## EXERCISE OBJECTIVE
Once you have located the line containing "Balıkesir Edremit'te düzenlenen" in the material below, return it exactly along with each line after it through the line containing "Pro在3Dmark Wild Life".

## INPUT RECORDS
☆ ☆ ☆

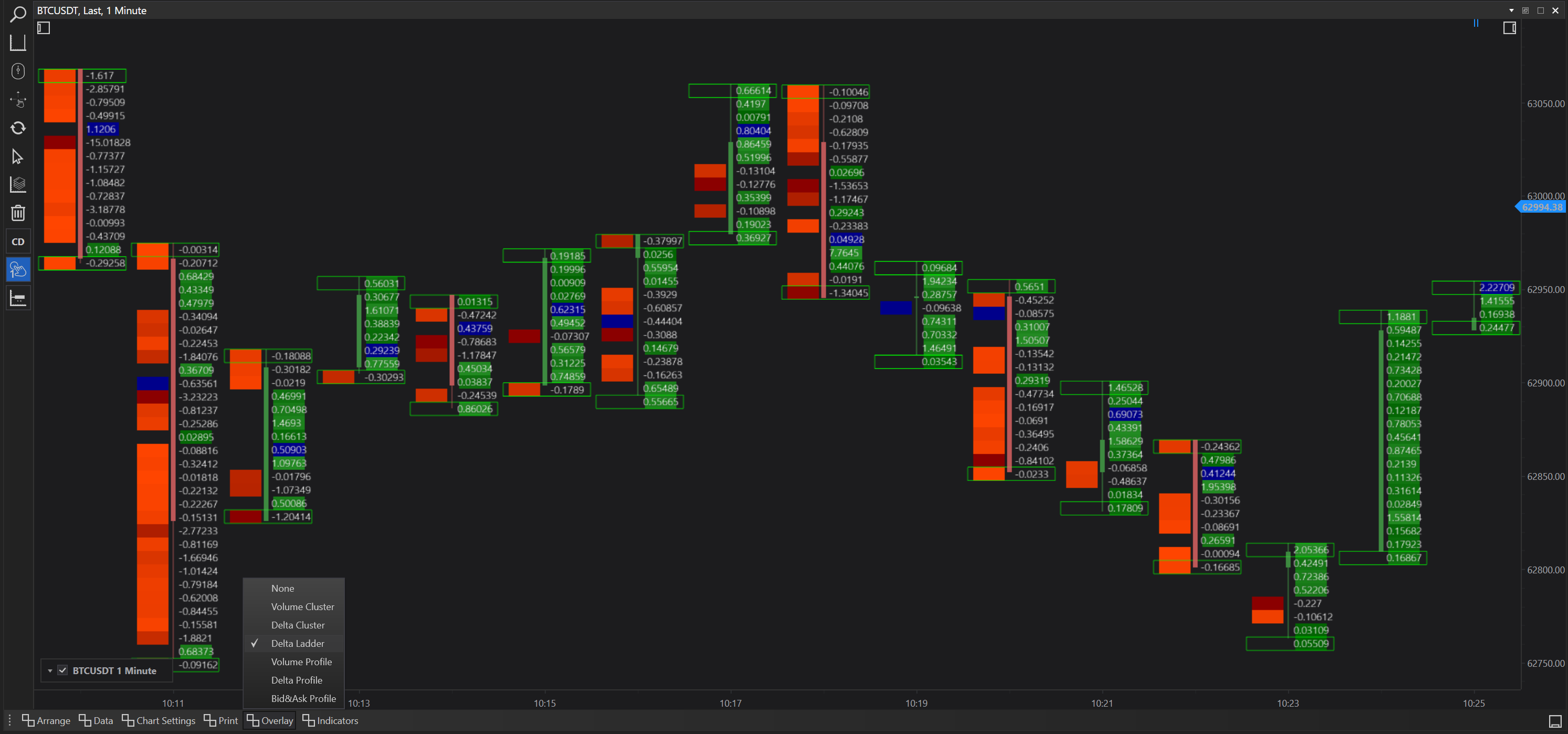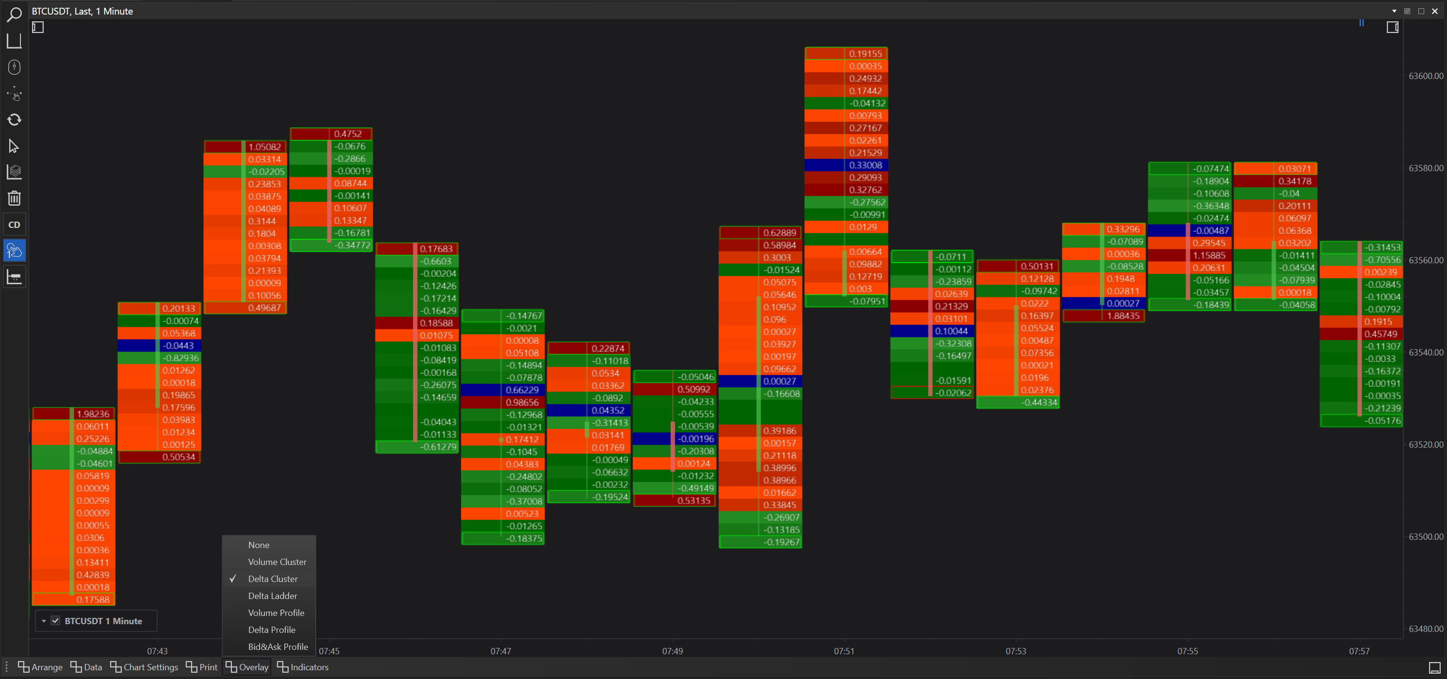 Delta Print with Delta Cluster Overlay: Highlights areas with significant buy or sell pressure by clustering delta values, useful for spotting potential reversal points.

☆ ☆ ☆

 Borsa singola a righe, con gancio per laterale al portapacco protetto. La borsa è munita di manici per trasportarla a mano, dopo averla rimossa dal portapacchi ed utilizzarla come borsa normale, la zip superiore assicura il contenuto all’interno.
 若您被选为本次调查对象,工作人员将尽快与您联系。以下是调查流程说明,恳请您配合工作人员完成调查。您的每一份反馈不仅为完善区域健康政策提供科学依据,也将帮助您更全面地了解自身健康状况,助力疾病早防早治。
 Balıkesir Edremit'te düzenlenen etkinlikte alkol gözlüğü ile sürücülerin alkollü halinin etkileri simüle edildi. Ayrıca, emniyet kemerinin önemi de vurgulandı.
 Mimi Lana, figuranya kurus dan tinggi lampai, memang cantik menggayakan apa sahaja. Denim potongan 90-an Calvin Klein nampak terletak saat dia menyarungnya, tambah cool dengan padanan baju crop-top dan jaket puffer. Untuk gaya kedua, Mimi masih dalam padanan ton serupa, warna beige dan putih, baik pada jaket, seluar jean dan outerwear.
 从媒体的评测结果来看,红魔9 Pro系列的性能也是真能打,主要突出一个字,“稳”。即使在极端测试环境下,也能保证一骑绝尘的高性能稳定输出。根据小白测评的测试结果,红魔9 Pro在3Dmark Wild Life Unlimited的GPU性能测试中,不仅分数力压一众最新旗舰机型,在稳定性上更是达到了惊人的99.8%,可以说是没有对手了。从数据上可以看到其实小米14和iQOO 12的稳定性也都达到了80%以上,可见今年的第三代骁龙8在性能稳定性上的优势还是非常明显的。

☆ ☆ ☆

## EXERCISE RESULT
 Balıkesir Edremit'te düzenlenen etkinlikte alkol gözlüğü ile sürücülerin alkollü halinin etkileri simüle edildi. Ayrıca, emniyet kemerinin önemi de vurgulandı.
 Mimi Lana, figuranya kurus dan tinggi lampai, memang cantik menggayakan apa sahaja. Denim potongan 90-an Calvin Klein nampak terletak saat dia menyarungnya, tambah cool dengan padanan baju crop-top dan jaket puffer. Untuk gaya kedua, Mimi masih dalam padanan ton serupa, warna beige dan putih, baik pada jaket, seluar jean dan outerwear.
 从媒体的评测结果来看,红魔9 Pro系列的性能也是真能打,主要突出一个字,“稳”。即使在极端测试环境下,也能保证一骑绝尘的高性能稳定输出。根据小白测评的测试结果,红魔9 Pro在3Dmark Wild Life Unlimited的GPU性能测试中,不仅分数力压一众最新旗舰机型,在稳定性上更是达到了惊人的99.8%,可以说是没有对手了。从数据上可以看到其实小米14和iQOO 12的稳定性也都达到了80%以上,可见今年的第三代骁龙8在性能稳定性上的优势还是非常明显的。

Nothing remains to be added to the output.